Learn Interfaces by Building an Equation Solver - Step 36

You’ve added an argument to sub which is of the wrong type

Read more here https://www.pythontutorial.net/python-regex/python-regex-sub/

Add a positive lookahead to your regex pattern

Add to the existing regex.

but it says in the instructions this In the example above, the pattern a(?=t) contains a positive lookahead, which is used to match the a c this positive lookahead is in the format

my formatt is '1(?=x)' so i don’t see how it isn’t positive

That’s correct, read my advice above. Ask me if there’s something you don’t understand.

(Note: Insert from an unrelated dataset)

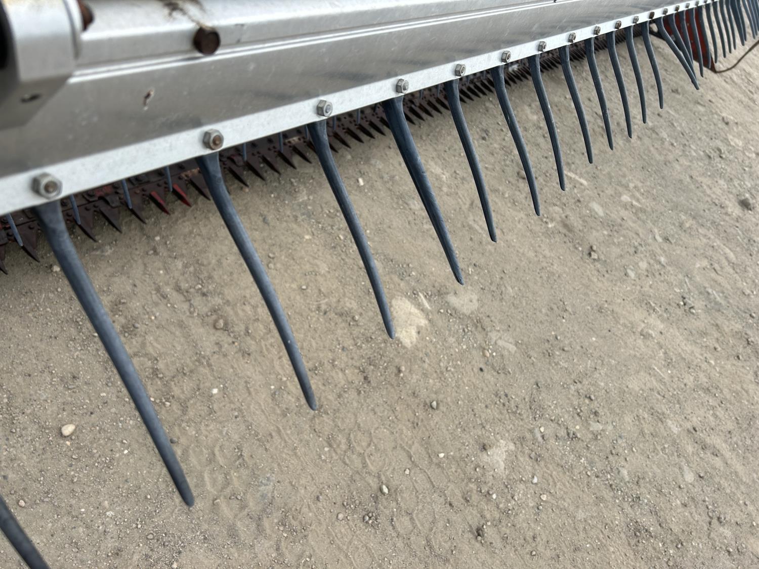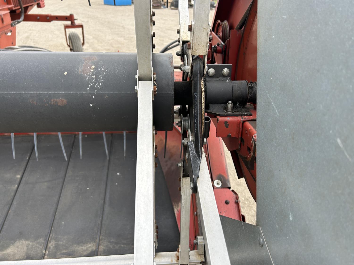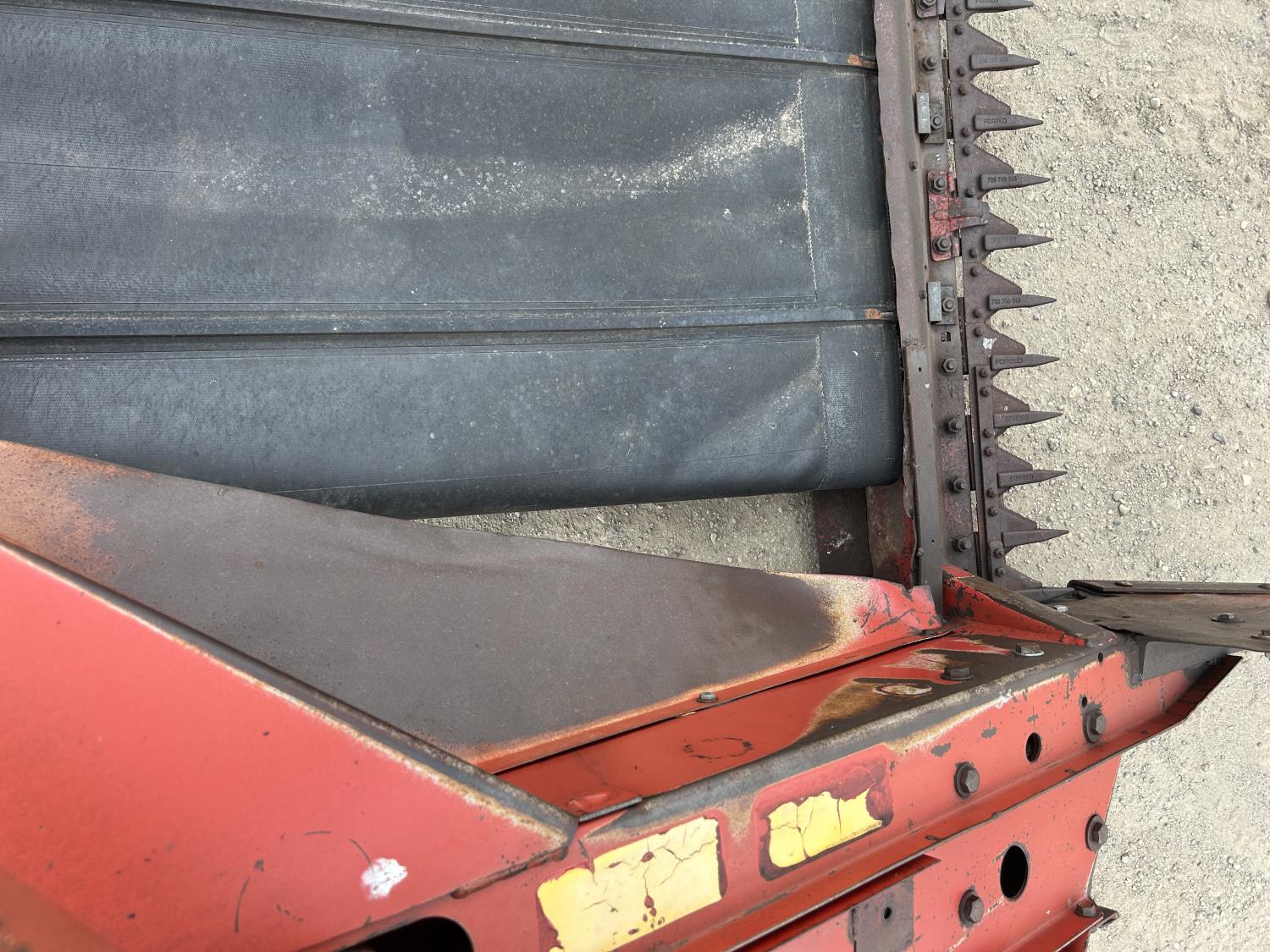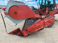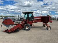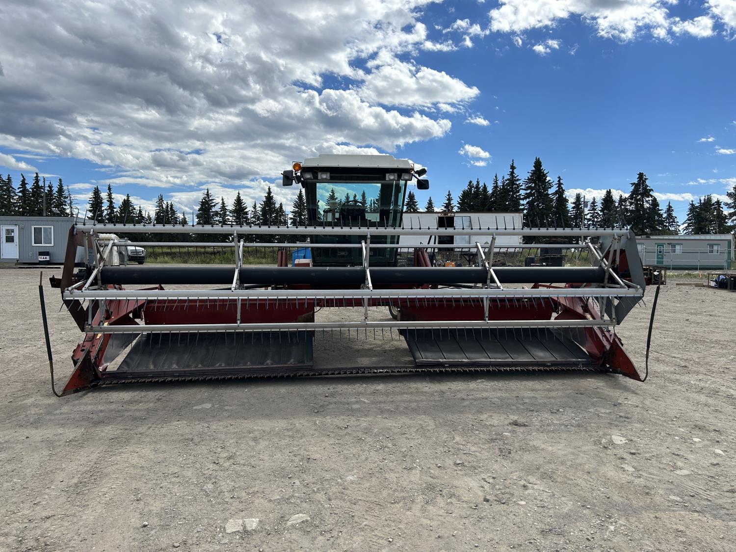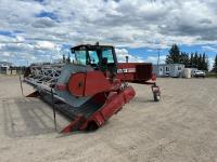 Hesston 8100 center delivery rigid draper header, pickup reel, variable speed reel, skid plates, crop dividers, Evco 4 cylinder diesel engine, radio, upgraded stereo, air ride seat

becuase how can it be of the wrong type when all it’s telling me to do is add the positive lookahead with character 1 and followed by x, i mean it seems like a obvious step

How many arguments does sub() take?

What type of arguments should they be?

yeah but i’ve not added anything to that i wasn’t suppose to, this instruction doesn’t tell me to remove/modify anything is that what i should do ?

If you’re getting a a Type Error you can be confident that you’ve added something of the wrong type somewhere.

Look at the example code again, and see how you are giving a different set of arguments to the sub() function.

3-4 arguments and they should be a pattern, a replacement a string and one or more regx flags to modify function

The instructions literally tell you to modify your regex:

Add a positive lookahead to your regex pattern

no what i mean by modify is change it, not add, this whole python lingo with add and stuff is new

You need to add to the existing regex. You’ve added another argument with an additional regex.

1 Like

do you mean like this ?

return re.sub(r'(?<!\d)1'+'1(?=x)', '', equation_string.strip('+')

make it a single string, not multiple ones